The morphology of QUE-loaded LsbPMs was observed using TEM imaging. TEM images depicted in Fig. S1 reveal that lecithin-stabilized micelles were spherical and uniform and had mean particle sizes of ~90 nm.

The functional stability of QUE-loaded LsbPMs was evaluated based on changes in the particle size and PI value in various media exposed to 37 °C. After dilution with PBS and FBS, QUE-loaded LsbPMs were observed to be quite stable, as they maintained a similar size of nearly 90 nm and had a similar PI as the initial materials in both PBS and FBS media for at least 5 days (data not shown).

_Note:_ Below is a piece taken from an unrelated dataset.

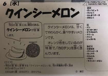 今日の給食に登場した「クインシーメロン」は、まろやかな甘みと滑らかな舌触りが楽しめました。美しいオレンジ色の果肉が特徴で、βカロテンを多く含まれています。日持ちもよく最近人気があるメロンです。
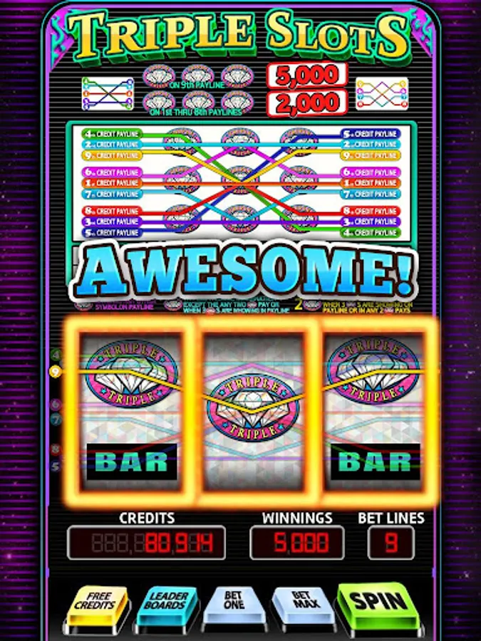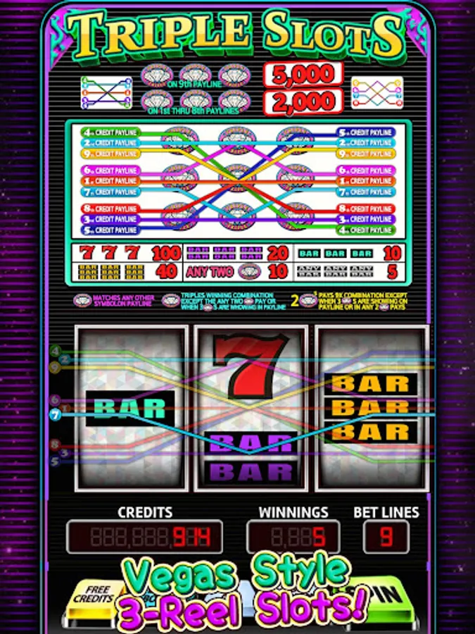 Triple Slots is a mobile version of the classical 3-reel, 9-payline slot machine - perfect for the novices and the experts of Vegas-style slot machines!

To evaluate the release kinetics of QUE from QUE-loaded LsbPMs in vitro, a dialysis method was utilized in 10 mM PBS (pH 7.4) that contained 0.5% Tween 80 at 37 °C. As shown in Fig. 1, compared to free QUE, the release of QUE from QUE-loaded LsbPMs was slightly slower and occurred to a lesser extent. In the case of free QUE, more than 80% of QUE was released during the first 10 h, whereas only 60% of the QUE amount was released from QUE-loaded LsbPMs in that time.

Figure 1
figure 1

Drug release profile of free quercetin (QUE) and QUE-loaded lecithin-stabilized polymeric micelles (LsbPMs) in pH 7.4 phosphate buffer with the addition of 0.5% Tween 80. Each point is shown as the mean ± SD (n = 3).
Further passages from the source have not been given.